(Records from a data source)
↓
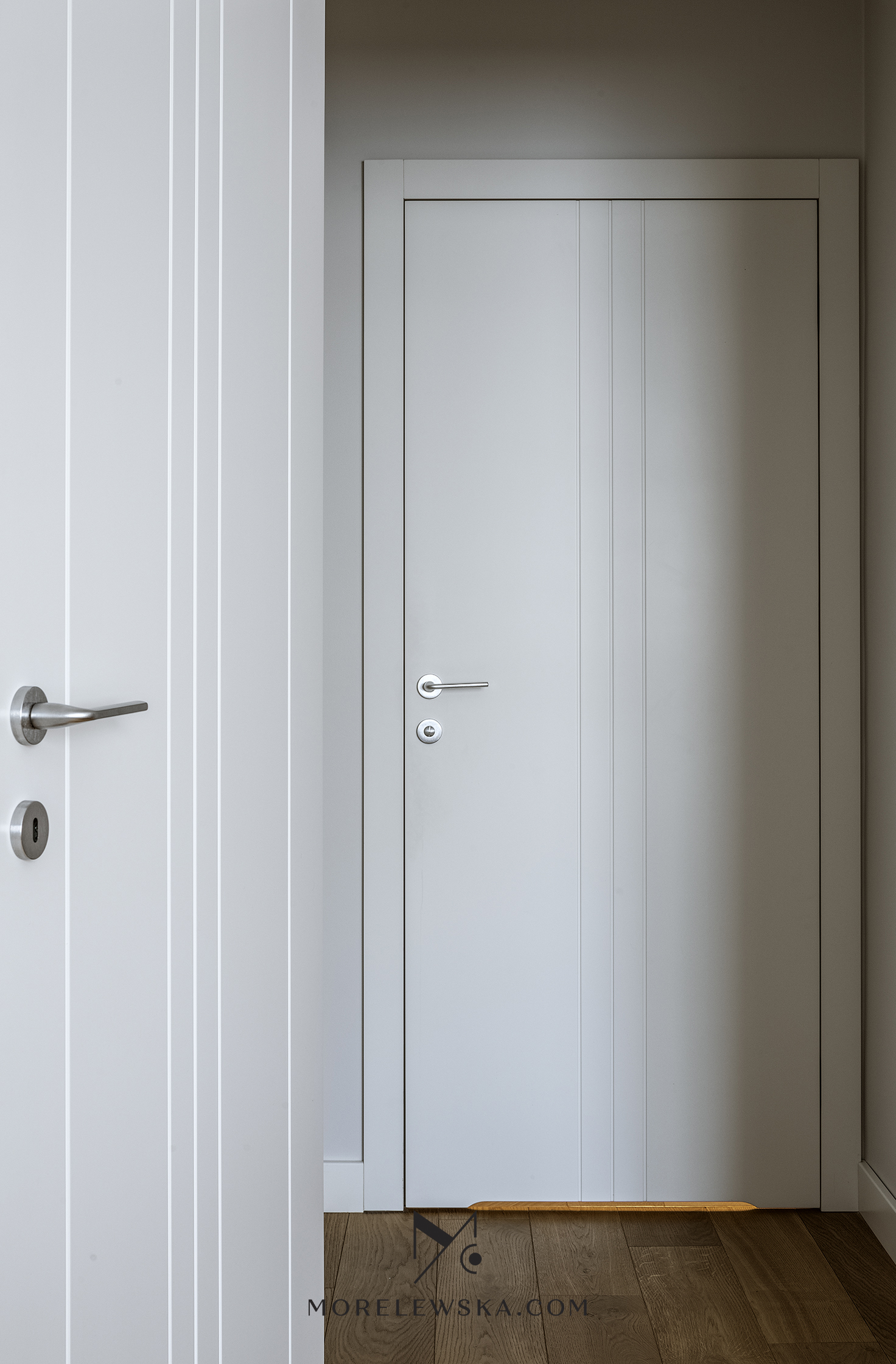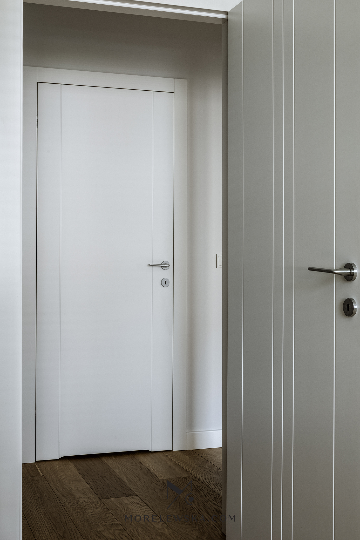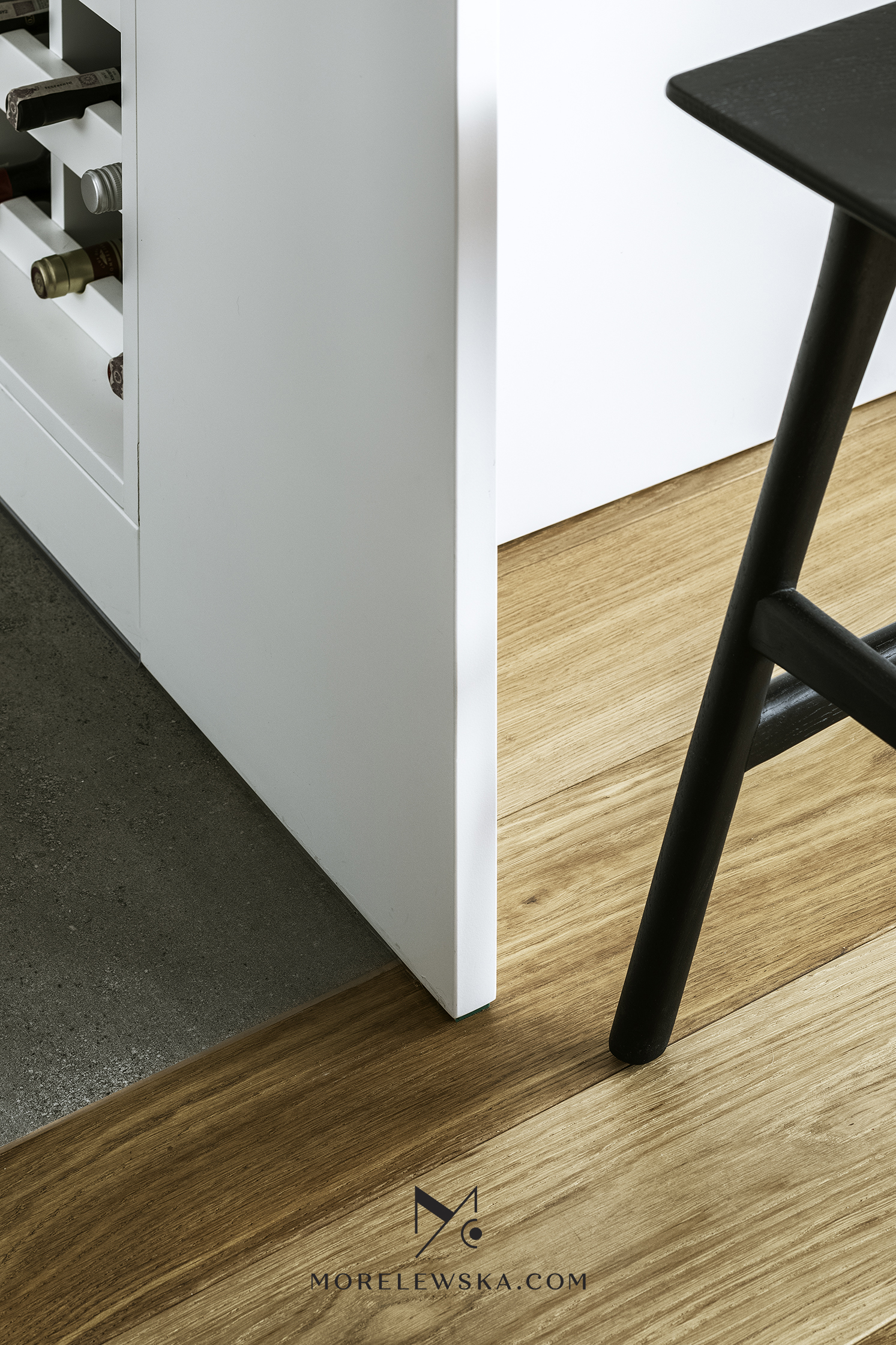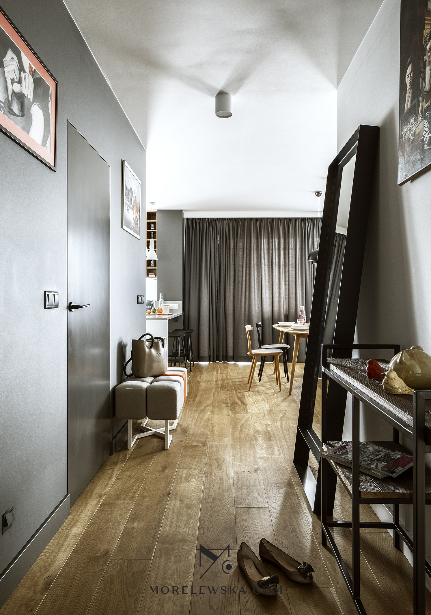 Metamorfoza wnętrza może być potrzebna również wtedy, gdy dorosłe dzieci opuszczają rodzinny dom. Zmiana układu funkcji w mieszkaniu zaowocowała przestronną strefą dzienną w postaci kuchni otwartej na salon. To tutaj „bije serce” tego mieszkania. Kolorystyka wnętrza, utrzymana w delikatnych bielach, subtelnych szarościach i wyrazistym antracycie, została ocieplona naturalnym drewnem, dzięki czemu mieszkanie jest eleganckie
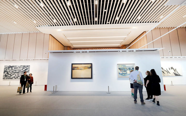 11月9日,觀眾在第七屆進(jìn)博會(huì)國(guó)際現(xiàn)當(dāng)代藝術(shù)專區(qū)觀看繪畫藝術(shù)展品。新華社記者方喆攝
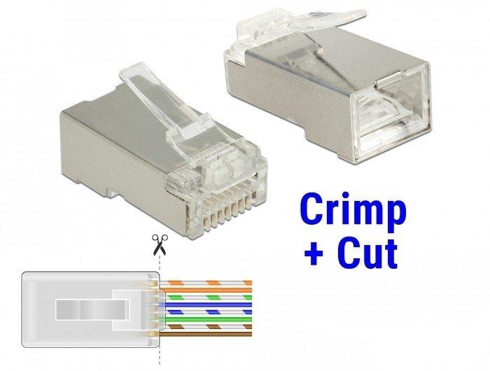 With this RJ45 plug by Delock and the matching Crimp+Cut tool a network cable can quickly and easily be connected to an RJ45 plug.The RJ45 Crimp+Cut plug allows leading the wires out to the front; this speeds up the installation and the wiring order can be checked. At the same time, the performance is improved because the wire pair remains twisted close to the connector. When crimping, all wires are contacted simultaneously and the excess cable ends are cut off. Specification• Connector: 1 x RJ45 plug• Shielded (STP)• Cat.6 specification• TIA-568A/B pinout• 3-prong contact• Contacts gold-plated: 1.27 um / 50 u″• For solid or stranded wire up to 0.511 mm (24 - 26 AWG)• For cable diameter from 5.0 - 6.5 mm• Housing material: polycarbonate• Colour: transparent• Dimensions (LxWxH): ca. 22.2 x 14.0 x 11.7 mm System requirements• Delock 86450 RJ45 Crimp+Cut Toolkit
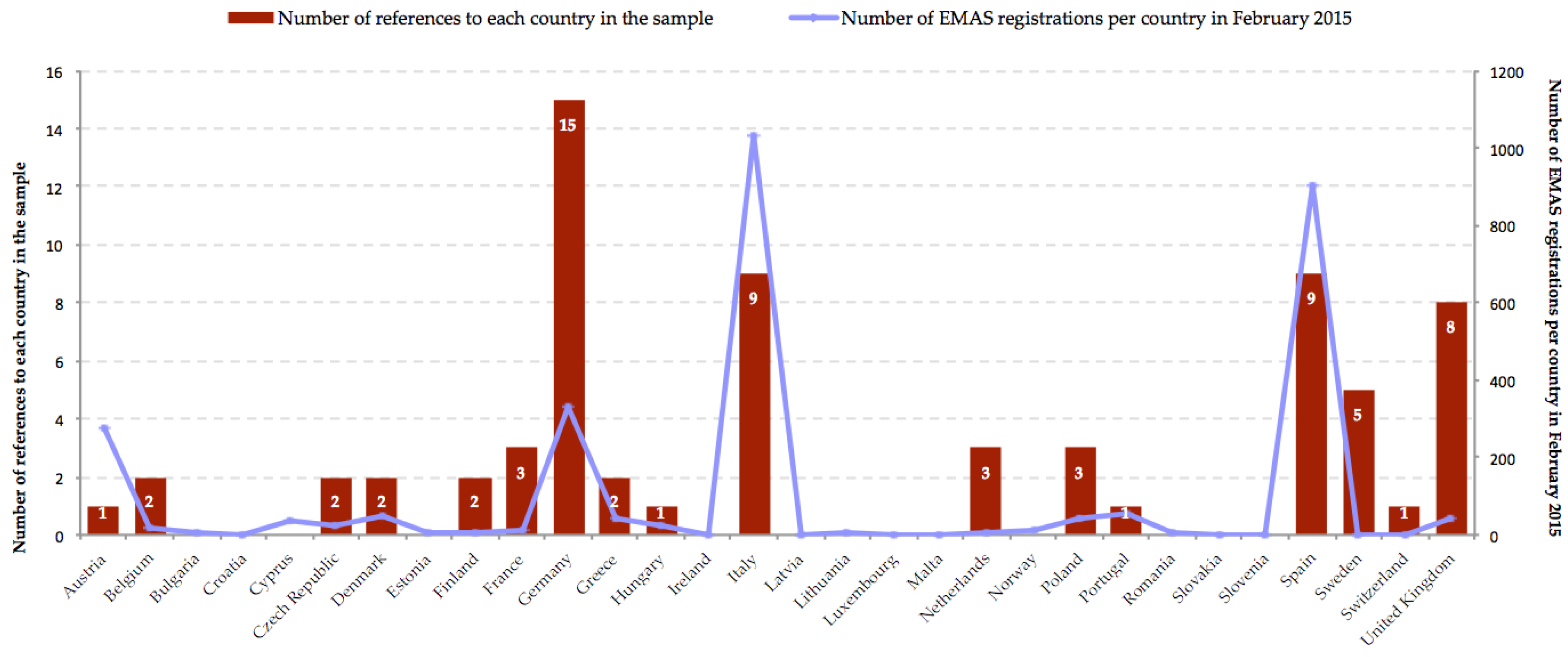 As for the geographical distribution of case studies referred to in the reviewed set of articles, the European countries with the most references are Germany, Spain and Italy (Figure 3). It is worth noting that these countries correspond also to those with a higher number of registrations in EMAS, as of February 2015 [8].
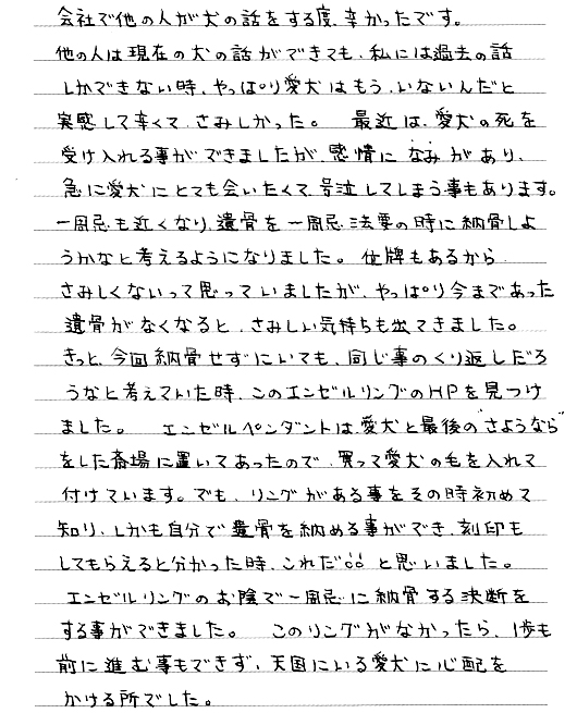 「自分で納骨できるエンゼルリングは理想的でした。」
↑
TASK ITEM: Extract, verbatim and alone, the lines from the line that contains "11月9日,觀眾在第七屆進(jìn)博會" to the last line of the records, inclusive; drop any picture.

RESPONSE TO THE EXERCISE:
 11月9日,觀眾在第七屆進(jìn)博會(huì)國(guó)際現(xiàn)當(dāng)代藝術(shù)專區(qū)觀看繪畫藝術(shù)展品。新華社記者方喆攝
 With this RJ45 plug by Delock and the matching Crimp+Cut tool a network cable can quickly and easily be connected to an RJ45 plug.The RJ45 Crimp+Cut plug allows leading the wires out to the front; this speeds up the installation and the wiring order can be checked. At the same time, the performance is improved because the wire pair remains twisted close to the connector. When crimping, all wires are contacted simultaneously and the excess cable ends are cut off. Specification• Connector: 1 x RJ45 plug• Shielded (STP)• Cat.6 specification• TIA-568A/B pinout• 3-prong contact• Contacts gold-plated: 1.27 um / 50 u″• For solid or stranded wire up to 0.511 mm (24 - 26 AWG)• For cable diameter from 5.0 - 6.5 mm• Housing material: polycarbonate• Colour: transparent• Dimensions (LxWxH): ca. 22.2 x 14.0 x 11.7 mm System requirements• Delock 86450 RJ45 Crimp+Cut Toolkit
 As for the geographical distribution of case studies referred to in the reviewed set of articles, the European countries with the most references are Germany, Spain and Italy (Figure 3). It is worth noting that these countries correspond also to those with a higher number of registrations in EMAS, as of February 2015 [8].
 「自分で納骨できるエンゼルリングは理想的でした。」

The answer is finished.